America's name is literally stamped on to the missiles fired by
Israel into Palestinian buildings in Gaza and the West Bank. Only
four weeks ago, I identified one of them as an AGM 114-D
air-to-ground rocket made by Boeing and Lockheed-Martin at their
factory in (of all places) Florida, the state where some of the
suiciders trained to fly. It was fired from an Apache helicopter (made in America, of
course) during the 1982 Israeli invasion of Lebanon, when
hundreds of cluster bombs were dropped in civilian areas of
Beruit by the Israelis in contravention of undertakings given to
the United States. Most of the bombs had US Naval markings and
America then suspended a shipment of fighter bombers to Israel -
for less than two months. The same type of missile (this time an AGM 114-C made inGeorgia)
was fired by the Israelis into the back of an ambulance near the
Lebanese village of Mansori, killing two women and four children.
I collected the pieces of the missile, including its computer
coding plate, flew to Georgia and presented them to the
manufacturers at the Boeing factory. And what did the developer
of the missile say to me when I showed him photographs of the
children his missile had killed? "Whatever you do," he told me,
"don't quote me as saying anything critical of the policies of
Israel." I'm sure the father of those children, who was driving the
ambulance, will have been appalled by last week's events, but I
don't suppose, given the fate of his own wife (one of the women
killed) that he was in a mood to send condolences to anyone. All
these facts, of course, must be forgotten now.
Every effort will be made in the coming days to switch off the
"why'' question and concentrate on the who, what and how. CNN and
most of the world's media have already obeyed this essential new
war rule. I've already seen what happens when this rule is
broken. When The Independent published my article on the connection
between Middle Eastern injustice and the New York holocaust, the
BBC's 24-hour news channel produced an American commentator who
remarked that "Robert Fisk has won the prize for bad taste''.

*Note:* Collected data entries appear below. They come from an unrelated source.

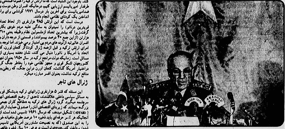
ژنرال و کمان‌آورده رئیس شورای امنیت ملی و افسری که رهبری کودتای فوازمه سپتامبر ۱۹۸۰ ترکیه را در دست داشت.

مدیران عظیم‌ترین بنیادهای ترکیه که جمع بیلان آن در سال ۷۸ بالغ بر ۴ میلیارد لیره ترکی بود، فرماندهان قوای سه‌گانه ارتش یعنی ژنرال‌های کودتاگر ۱۲ سپتامبر هستند!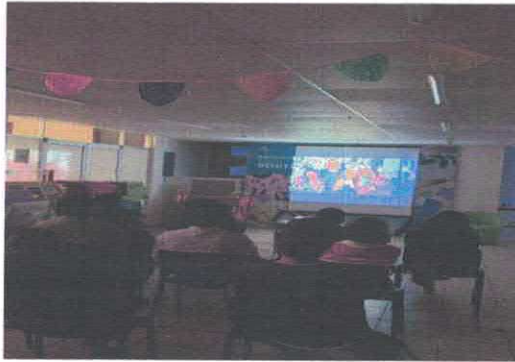
Ciclo de cine: Primavera documental. "Juntas somos más fuertes" Biblioteca Pública Antonio González Marzo, 2026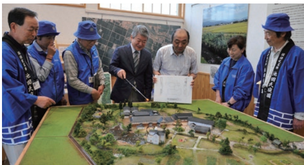
模型を見ながら説明を聞く池田家顕彰会会員の皆さん

庭園の全景を表した模型は、庭園の公開時に旧池田氏庭園案内所「巨洲館」内で見学することができます。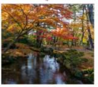
สวนเคนโระคุเซ็น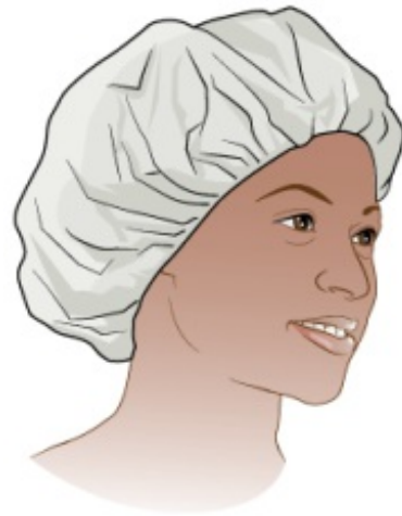
图 5. 一次性发帽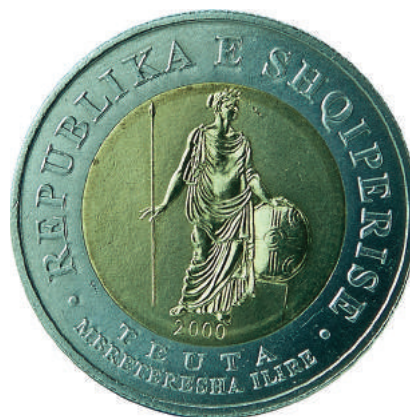
Sh. Në qendër mbretëresha ilire Teuta me mburojë dhe heshtë; viti "2000". Në hark "Republika e Shqipërisë"; "Teuta, mbretëresha ilire".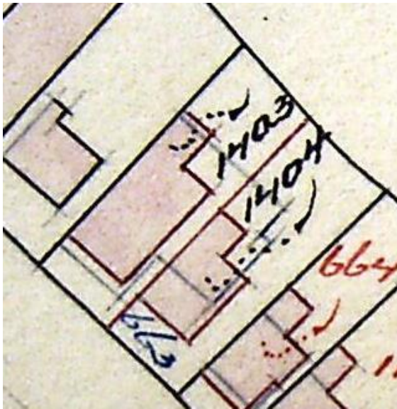
1929 sloping en stichting, 1931 splitsing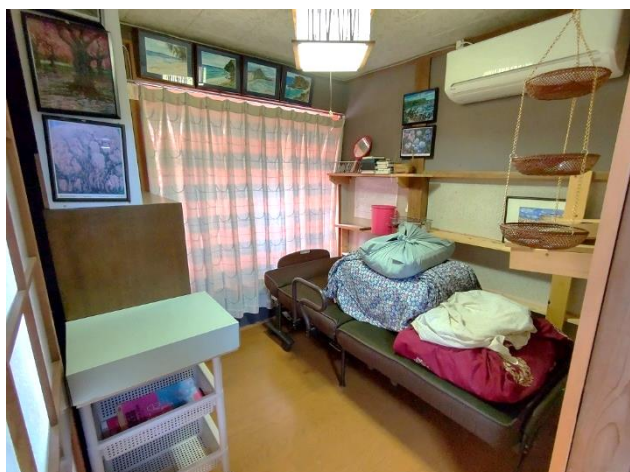
1階 洋室 4帖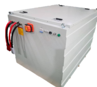
型号: LFP500-150000-01 尺寸: 1500*1100*1050mm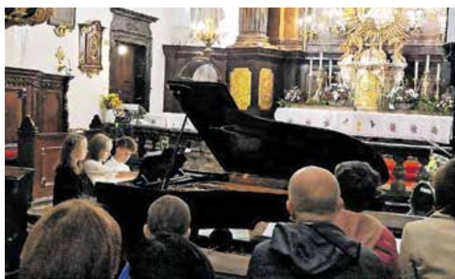
Nastop učencev Glasbene šole Kranj / FOTO: ARHIV LIONS KLUBA BRNIK

stovoljne prispevke v višini dobrih dva tisoč evrov so namenili za obnovo poplavljenih prostorov v cerkljanski šoli in Kulturnega doma Ignacija Borštnika. Še pomembnejša kot finančna podpora, pravijo v humanitarnem društvu, pa je solidarnost, ki je bila izkazana z obiskom prireditve in sodelovanjem nastopajočih, saj je bil motiv za organizacijo koncerta pokazati, da v stiskah stopimo skupaj, da ljudi v težavah ne pustimo samih.

When I raised the same point on an Irish radio talk show, the
other guest, a Harvard lawyer, denounced me as a bigot, a liar, a
"dangerous man'' and (of course) potentially anti-Semitic. The
Irish pulled the plug on him. No wonder we have to refer to the terrorists as "mindless''. For
if we did not, we would have to explain what went on in those
minds. But this attempt to censor the realities of the war that
has already begun must not be permitted to continue. Look at the
logic. Secretary of State Colin Powell was insisting on Friday that his
message to the Taliban is simple: they have to take
responsibility for sheltering Mr bin Laden. "You cannot separate
your activities from the activities of the perpetrators,'' he
warned. But the Americans absolutely refuse to associate their
own response to their predicament with their activities in the
Middle East. We are supposed to hold our tongues, even when Ariel Sharon (a
man whose name will always be associated with the massacre at
Sabra and Shatila) announces that Israel also wishes to join the
battle against "world terror''. No wonder the Palestinians are fearful. In the past four days, 23
Palestinians have been killed in the West Bank and Gaza, an
astonishing figure that would have been front-page news had
America not been blitzed. If Israel signs up for the new conflict, then the Palestinians
(by fighting the Israelis) will, by extension, become part of the
"world terror'' against which Mr Bush is supposedly going to war.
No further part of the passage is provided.